### DATA EXTRACT
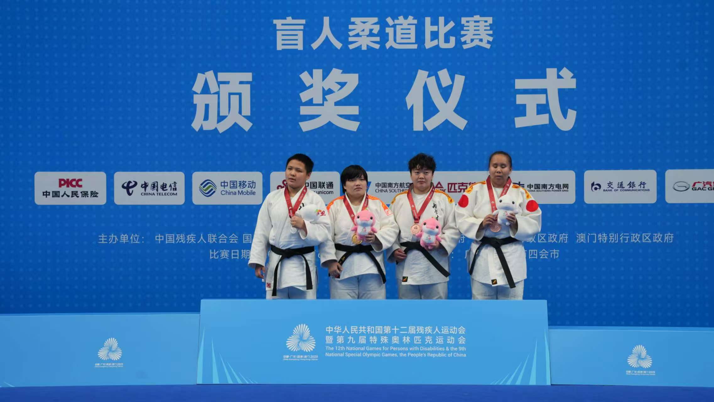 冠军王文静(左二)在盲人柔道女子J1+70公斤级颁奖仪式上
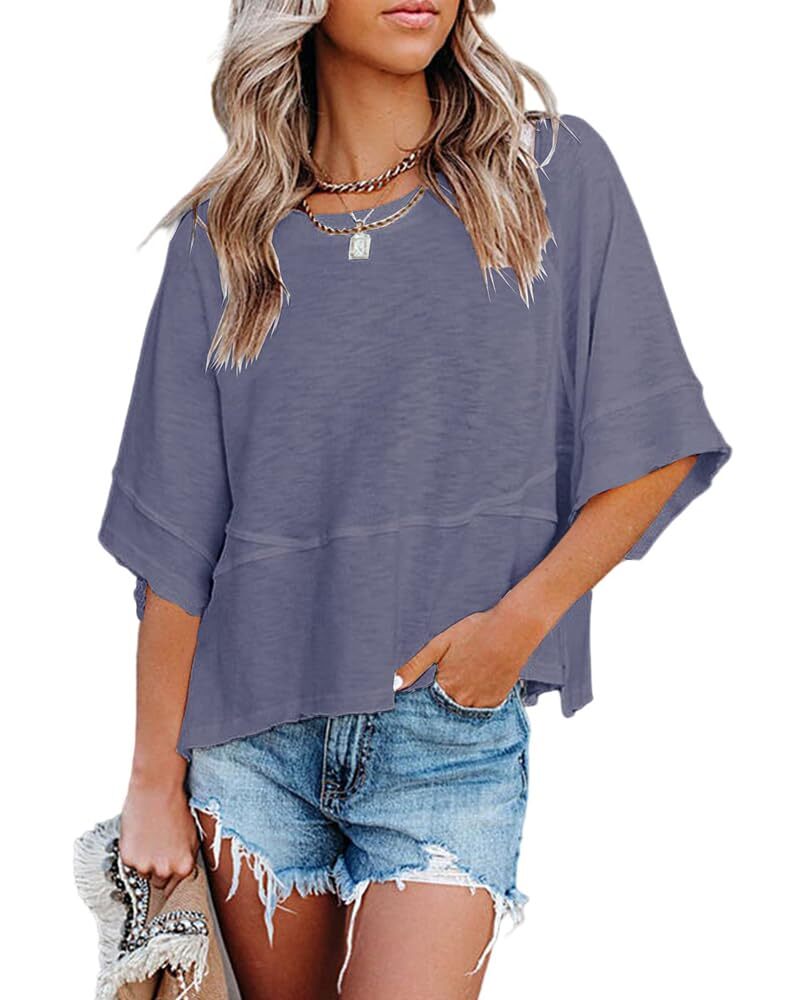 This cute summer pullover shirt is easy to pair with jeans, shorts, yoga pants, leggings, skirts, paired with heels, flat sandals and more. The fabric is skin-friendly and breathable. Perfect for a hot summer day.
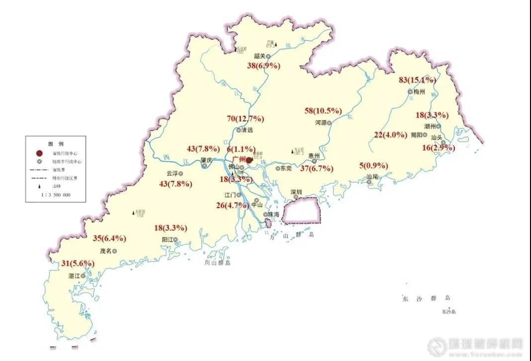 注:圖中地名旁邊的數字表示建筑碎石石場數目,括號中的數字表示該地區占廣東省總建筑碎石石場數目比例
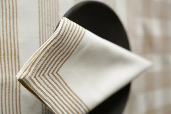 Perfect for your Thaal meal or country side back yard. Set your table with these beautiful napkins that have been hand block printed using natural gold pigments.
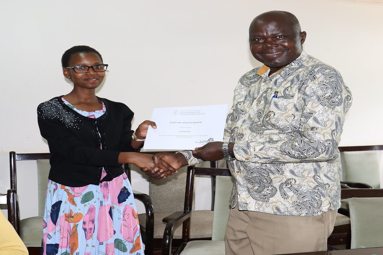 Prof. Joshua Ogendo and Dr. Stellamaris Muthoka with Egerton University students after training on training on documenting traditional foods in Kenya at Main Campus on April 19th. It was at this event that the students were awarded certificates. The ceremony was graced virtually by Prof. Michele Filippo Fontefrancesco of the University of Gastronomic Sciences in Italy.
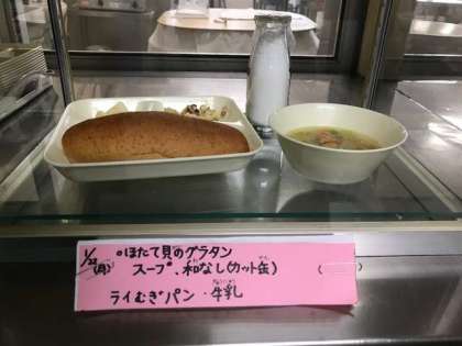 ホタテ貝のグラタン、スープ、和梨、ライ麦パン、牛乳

* * *

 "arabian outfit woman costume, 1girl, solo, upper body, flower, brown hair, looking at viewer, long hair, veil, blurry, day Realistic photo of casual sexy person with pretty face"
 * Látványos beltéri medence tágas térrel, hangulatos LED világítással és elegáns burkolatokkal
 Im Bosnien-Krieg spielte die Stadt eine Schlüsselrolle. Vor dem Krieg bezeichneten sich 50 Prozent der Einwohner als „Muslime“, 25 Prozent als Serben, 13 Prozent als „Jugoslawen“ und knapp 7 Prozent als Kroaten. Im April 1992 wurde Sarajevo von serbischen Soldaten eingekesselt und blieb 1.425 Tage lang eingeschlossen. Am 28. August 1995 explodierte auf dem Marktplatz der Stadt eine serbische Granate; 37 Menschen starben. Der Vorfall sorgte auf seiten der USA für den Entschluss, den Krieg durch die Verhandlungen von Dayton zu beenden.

==

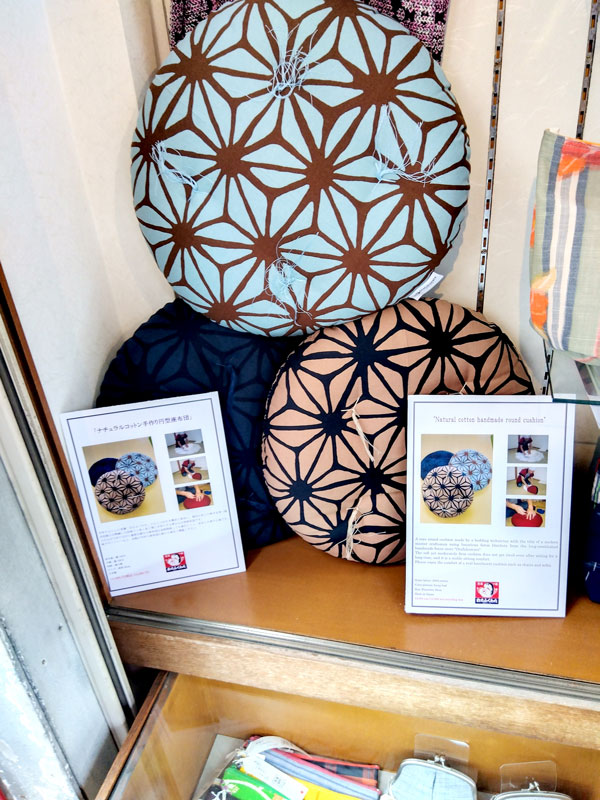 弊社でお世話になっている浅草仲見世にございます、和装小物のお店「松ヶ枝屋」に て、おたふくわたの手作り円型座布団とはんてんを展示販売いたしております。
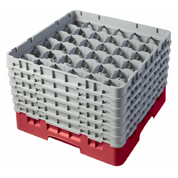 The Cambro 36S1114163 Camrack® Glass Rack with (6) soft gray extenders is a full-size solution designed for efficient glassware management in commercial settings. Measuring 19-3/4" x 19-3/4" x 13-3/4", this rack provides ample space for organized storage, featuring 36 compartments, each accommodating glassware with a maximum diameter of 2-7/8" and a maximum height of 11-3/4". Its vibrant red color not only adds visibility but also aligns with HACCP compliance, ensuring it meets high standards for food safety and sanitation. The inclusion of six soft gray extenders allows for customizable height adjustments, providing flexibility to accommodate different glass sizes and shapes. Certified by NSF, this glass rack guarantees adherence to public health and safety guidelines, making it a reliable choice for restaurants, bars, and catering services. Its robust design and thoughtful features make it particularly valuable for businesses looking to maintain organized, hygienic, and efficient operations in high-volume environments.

### WHAT YOU ARE ASKED TO DO
Where the line holding "és elegáns burkolatokkal" appears in the listing above, start reproducing exactly, and end with the line holding "Im Bosnien-Krieg spielte".

### OUTPUT OF THE EXERCISE
 * Látványos beltéri medence tágas térrel, hangulatos LED világítással és elegáns burkolatokkal
 Im Bosnien-Krieg spielte die Stadt eine Schlüsselrolle. Vor dem Krieg bezeichneten sich 50 Prozent der Einwohner als „Muslime“, 25 Prozent als Serben, 13 Prozent als „Jugoslawen“ und knapp 7 Prozent als Kroaten. Im April 1992 wurde Sarajevo von serbischen Soldaten eingekesselt und blieb 1.425 Tage lang eingeschlossen. Am 28. August 1995 explodierte auf dem Marktplatz der Stadt eine serbische Granate; 37 Menschen starben. Der Vorfall sorgte auf seiten der USA für den Entschluss, den Krieg durch die Verhandlungen von Dayton zu beenden.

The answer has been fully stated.